Shazia’s Week

My parents have always been slightly absurd. But now they have taken that absurdity to a whole new level. With old age, they are becoming increasingly deranged, distracted, foolhardy and preposterous. What is more worrying is that they are in denial about their behaviour. Their word for it is “normal”. Sometimes when my dad is feeling trendy, he calls himself “eccentric”.

The crisis they are currently having has spanned 20 years. It reached a high point last week, however, when my mum called a psychic astrologer on the Pakistani Channel, live on air, to ask him why none of her five children was married. She was in one room talking on the phone to the man on TV, while my dad was in the other room watching the programme to see what reply he would give and writing down all the points.

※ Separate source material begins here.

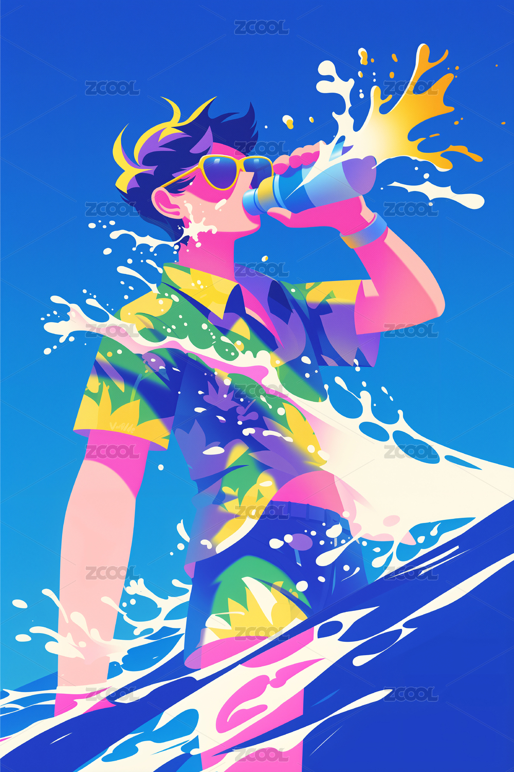 插画,炫彩,渐变,潮流,时尚,男性,饮料,吸管,叶子,帽子
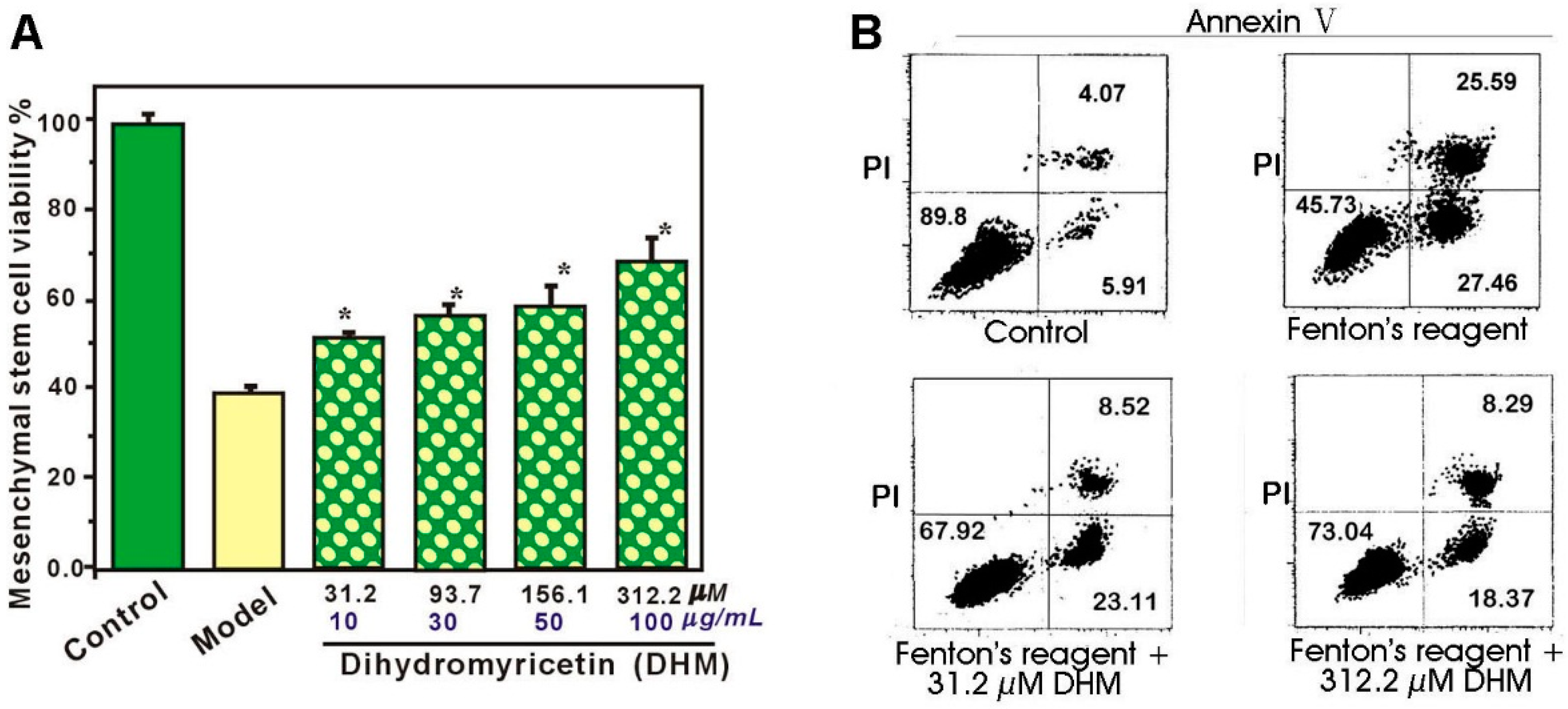 As a main flavonoid, dihydromyricetin (DHM, Figure 1A) occurs in Ampelopsis grossedentata (Hand-Mazz.) [8], and has attracted increasing attention owing to its beneficial effect on cells. It has been recently reported that DHM can protect endothelial cells from H2O2-induced oxidative damage via mitochondrial pathways [9], and exert antioxidant action in soybean oil and cooked ground beef model systems [10]. Additionally, the parent plant A. grossedentata has been consumed as a tea (Rattan Tea, Vine Tea, Tengcha) with health benefits in South China [11,12]. It is documented to be able to clear heat and remove toxic in the body according to Tradition Chinese Medicine (TCM) [11]. The so-called heat and toxic properties in TCM have been demonstrated by free radical biology to result from oxidative stress induced by ROS, especially the •OH radical [13]. Taken together, these observations suggest that DHM may possess a beneficial effect on the apoptosis of MSCs, although to our knowledge, there is no direct evidence to support this. Therefore, we investigated the beneficial effects of DHM on the viability of •OH-treated MSCs using the MTT [3-(4,5-dimethylthiazol-2-yl)-2,5-diphenyl] assay and flow cytometry analysis.

Later, my mum called me to tell me what he had said. Of course I went crazy; I couldn’t believe she had done something so ridiculous. I said, “Mum, have you gone mad? What’s the point of calling a psychic – on TV?”

She said, “I can’t believe you are so ungrateful! Me and your dad are old. We only want to know if you’re going to get married before we die, and it was£1 a minute. We spent nearly £30 – we had five kids to get through!”

Apparently, people call this man from all over the world. Equipped only with your date of birth, he can read the stars and tell you immediately what you want to hear. He’s like the Mystic Meg of the Pakistani world. I think they call him Mystic Mo (short for Mohammed).

My parents are quite specific about what they want to hear. They ask very poignant questions, like: “Will my daughters marry doctors? Have some little doctors? And then will we be entitled to free health care? Will my sons all be millionaires very soon?”

On the Tube the other day, I overheard a woman saying to her friend: “I’m off to see my psychic on Tuesday.” Like he was a doctor, or a priest. I thought: “At least she’s going in private.” My mother went on to an international TV show, gave my date of birth, and demanded to know whether I was ever going to be Salman Rushdie’s fifth wife. My dad told me that my mum had also said to the poor psychic, “I am 63 years old now. How long have I got left?”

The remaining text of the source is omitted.